State of Conservation (SOC)
- Effects arising from use of transportation infrastructure
- Management systems/ management plan
- Water (rain/water table)
Inscription on the Danger List
Threats to the Site:
A land-reclamation programme for the agricultural development of the region, funded by the World Bank, has caused in the past ten years a dramatic raise of the water table. The local soil, which is exclusively clay, is hard and capable of supporting buildings when in a dry state, but becomes semi-liquid with excess water. The destruction of numerous cisterns, disseminated around the city, has entailed the collapse of several overlying structures. Huge underground cavities have opened in the north-western region of the town. The risk of collapse is so high that the authorities were forced to fill with sand the bases of some of the most endangered buildings, including the crypt of Abu Mena with the tomb of the Saint, and close them to the public. A large banked road, moreover, was executed to enable movement within the site.
The Supreme Council of Antiquities is trying to counteract this phenomenon by digging trenches, and has enlarged the listed area in the hope of lowering the pressure of the irrigation.
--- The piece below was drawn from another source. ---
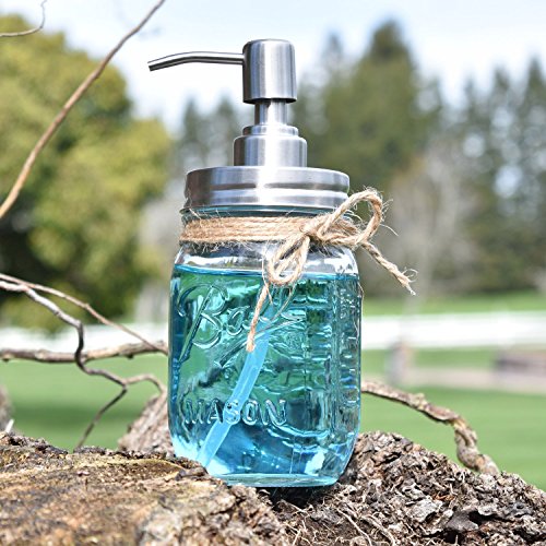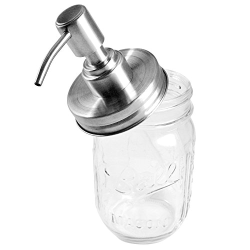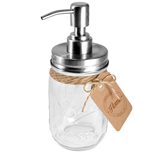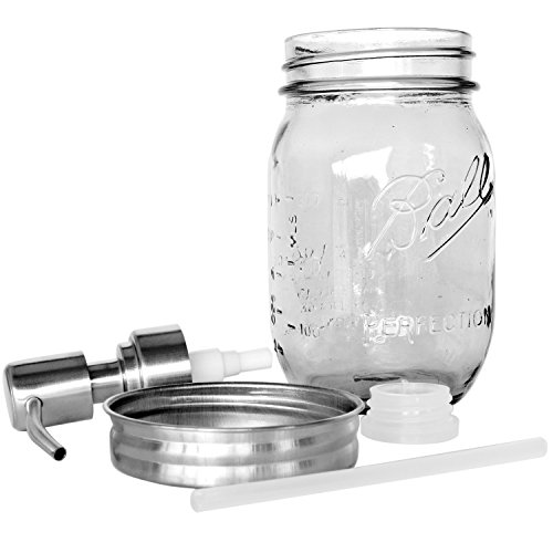 Rust Resistant, 304 18/8 Stainless Steel, Mason Jar Soap or Lotion Dispenser with Iconic Vintage Ball, 16 Ounce (Clear Glass) by Premium Home Quality

These measures, however, have proved to be insufficient, taking into account the scale of the problem and the limited resources available.
The threats indicated are listed in alphabetical order; their order does not constitute a classification according to the importance of their impact on the property.
Furthermore, they are presented irrespective of the type of threat faced by the property, i.e. with specific and proven imminent danger (“ascertained danger”) or with threats which could have deleterious effects on the property’s Outstanding Universal Value (“potential danger”).